Twenty-four of the 25 floral anatomical traits and FL differed significantly between Paphiopedilum species and Cypripedium species (Figure 1 and Table 2). The former had longer FL and higher values for epidermis thickness (P < 0.001), exodermal (P < 0.001) and endodermal thickness (P < 0.001) of the floral stems, upper (P < 0.001) and lower epidermal thickness (P < 0.001), mesophyll thickness of the petals (P < 0.001) and dorsal sepal (P < 0.001), petal thickness (P < 0.001), lip thickness (P < 0.001), dorsal sepal thickness (P < 0.001), and synsepal thickness (P < 0.001), but lower values for vein (P < 0.001) and stomatal densities (P < 0.001) on the flowers.

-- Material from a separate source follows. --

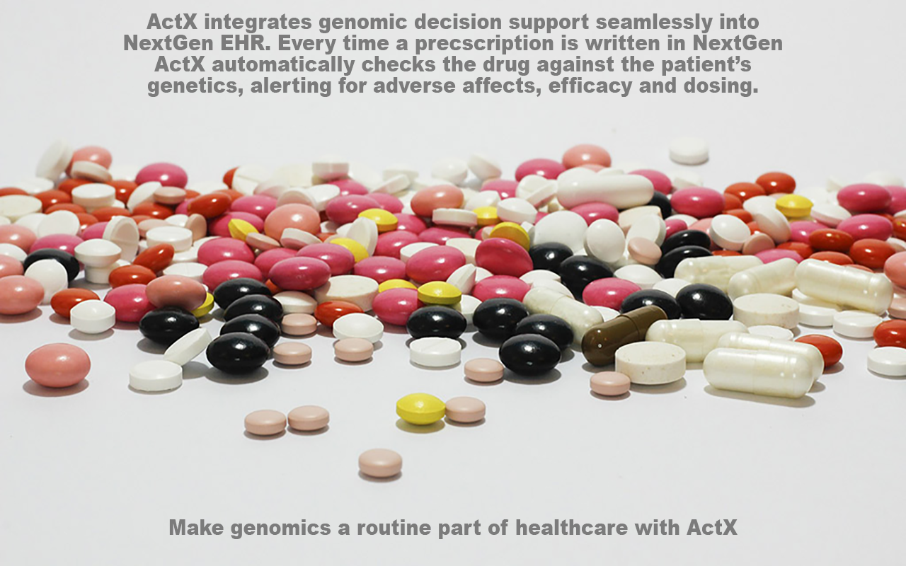 Personalize patient care in NextGen EHR with Genomic Decision Support from ActX. ActX makes it possible to bring the power of genomics into your practice, beginning the era of precision medicine. ActX focuses on genetic risks where there are actions that you can take, providing straightforward, evidence-based clinical recommendations. ActX has partnered with NextGen to make these insights available in your normal workflow.
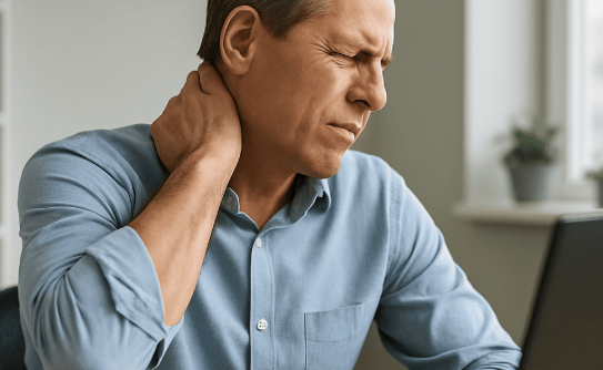 Хронічна неправильна постава, наприклад нахил голови вперед під час роботи за комп’ютером або телефоном, створює постійне навантаження на м’язи та суглоби шиї.

The values for mesophyll thickness of the lip (P = 0.128) and synsepal (P = 0.480) did not significantly differ between the two genera (Table 2).
FIGURE 1
TABLE 2
| Traits | Paphiopedilum (n = 13) Mean ± SE | Cypripedium (n = 5) Mean ± SE | Z | P |
| Floral stem | ||||
| Epidermal thickness | 50.94 ± 1.09 | 32.26 ± 1.23 | –7.31 | <0.001 |
| Exodermal thickness | 371.05 ± 18.91 | 208.02 ± 9.05 | –6.11 | <0.001 |
| Endodermal thickness | 169.94 ± 6.88 | 48.07 ± 4.90 | –7.85 | <0.001 |
| Petal | ||||
| Upper epidermal thickness | 76.99 ± 1.90 | 42.40 ± 1.44 | –7.83 | <0.001 |
| Lower epidermal thickness | 79.28 ± 2.08 | 43.07 ± 1.95 | –7.44 | <0.001 |
| Mesophyll thickness | 252.24 ± 12.39 | 115.08 ± 4.30 | –6.65 | <0.001 |
| Petal thickness | 406.18 ± 13.16 | 199.49 ± 6.15 | –7.83 | <0.001 |
| Vein density | 0.88 ± 0.02 | 1.71 ± 0.13 | –7.01 | <0.001 |
| Lip | ||||
| Upper epidermal thickness | 72.82 ± 1.62 | 47.81 ± 3.00 | –5.84 | <0.001 |
| Lower epidermal thickness | 69.14 ± 1.58 | 48.07 ± 3.22 | –5.29 | <0.001 |
| Mesophyll thickness | 256.68 ± 11.74 | 223.94 ± 21.00 | –2.52 | 0.128 |
| Lip thickness | 397.34 ± 12.68 | 318.84 ± 23.41 | –2.79 | 0.005 |
| Vein density | 0.80 ± 0.02 | 1.26 ± 0.02 | –7.94 | <0.001 |
| Dorsal sepal | ||||
| Upper epidermal thickness | 70.66 ± 1.46 | 48.04 ± 1.56 | –6.93 | <0.001 |
| Lower epidermal thickness | 84.46 ± 2.77 | 49.73 ± 1.77 | –6.94 | <0.001 |
| Mesophyll thickness | 245.34 ± 10.27 | 146.64 ± 7.70 | –5.70 | <0.001 |
| Dorsal sepal thickness | 398.88 ± 10.64 | 245.95 ± 8.93 | –6.79 | <0.001 |
| Vein density | 0.96 ± 0.02 | 1.52 ± 0.06 | –7.26 | <0.001 |
| Stomatal density | 1.50 ± 0.07 | 3.90 ± 0.21 | –7.62 | <0.001 |
| Synsepal | ||||
| Upper epidermal thickness | 67.95 ± 1.40 | 43.14 ± 1.25 | –7.70 | <0.001 |
| Lower epidermal thickness | 72.50 ± 1.56 | 44.60 ± 1.39 | –7.46 | <0.001 |
| Mesophyll thickness | 107.71 ± 5.39 | 107.06 ± 3.62 | –0.71 | 0.480 |
| Synsepal thickness | 262.96 ± 6.86 | 194.52 ± 4.67 | –5.82 | <0.001 |
| Vein density | 1.00 ± 0.02 | 1.79 ± 0.11 | –6.57 | <0.001 |
| Stomatal density | 1.59 ± 0.09 | 6.94 ± 0.50 | –7.54 | <0.001 |
Contrasts in floral anatomical traits between Paphiopedilum and Cypripedium of floral functional traits for tested species.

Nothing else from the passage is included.